DATASET ENTRIES
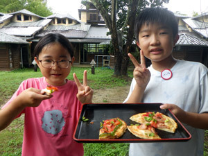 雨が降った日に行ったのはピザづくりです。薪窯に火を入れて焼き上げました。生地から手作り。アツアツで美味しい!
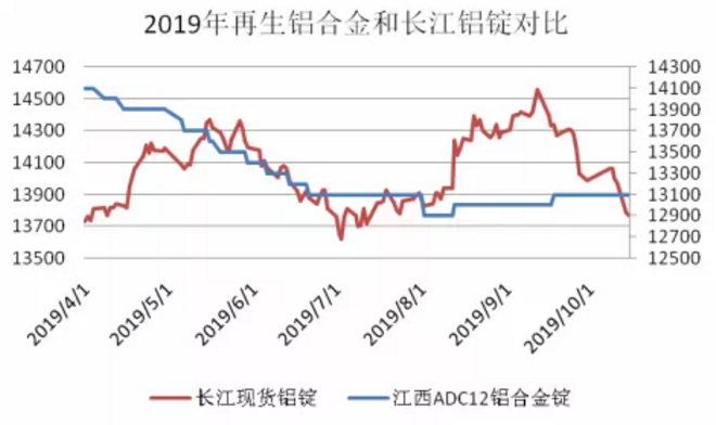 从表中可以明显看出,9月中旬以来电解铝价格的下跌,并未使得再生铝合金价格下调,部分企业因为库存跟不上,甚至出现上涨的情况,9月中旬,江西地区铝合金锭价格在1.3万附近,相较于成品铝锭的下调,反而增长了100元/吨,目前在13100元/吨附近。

* * *

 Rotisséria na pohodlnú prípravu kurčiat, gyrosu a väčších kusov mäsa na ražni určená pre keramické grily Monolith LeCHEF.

TO DO
Among the entries above, locate the line with "雨が降った日に行ったのはピザ" and the line with "从表中可以明显看出,9月中旬". Give those two lines and all lines between them again, exactly, leaving out the pictures.

EXPECTED ANSWER
 雨が降った日に行ったのはピザづくりです。薪窯に火を入れて焼き上げました。生地から手作り。アツアツで美味しい!
 从表中可以明显看出,9月中旬以来电解铝价格的下跌,并未使得再生铝合金价格下调,部分企业因为库存跟不上,甚至出现上涨的情况,9月中旬,江西地区铝合金锭价格在1.3万附近,相较于成品铝锭的下调,反而增长了100元/吨,目前在13100元/吨附近。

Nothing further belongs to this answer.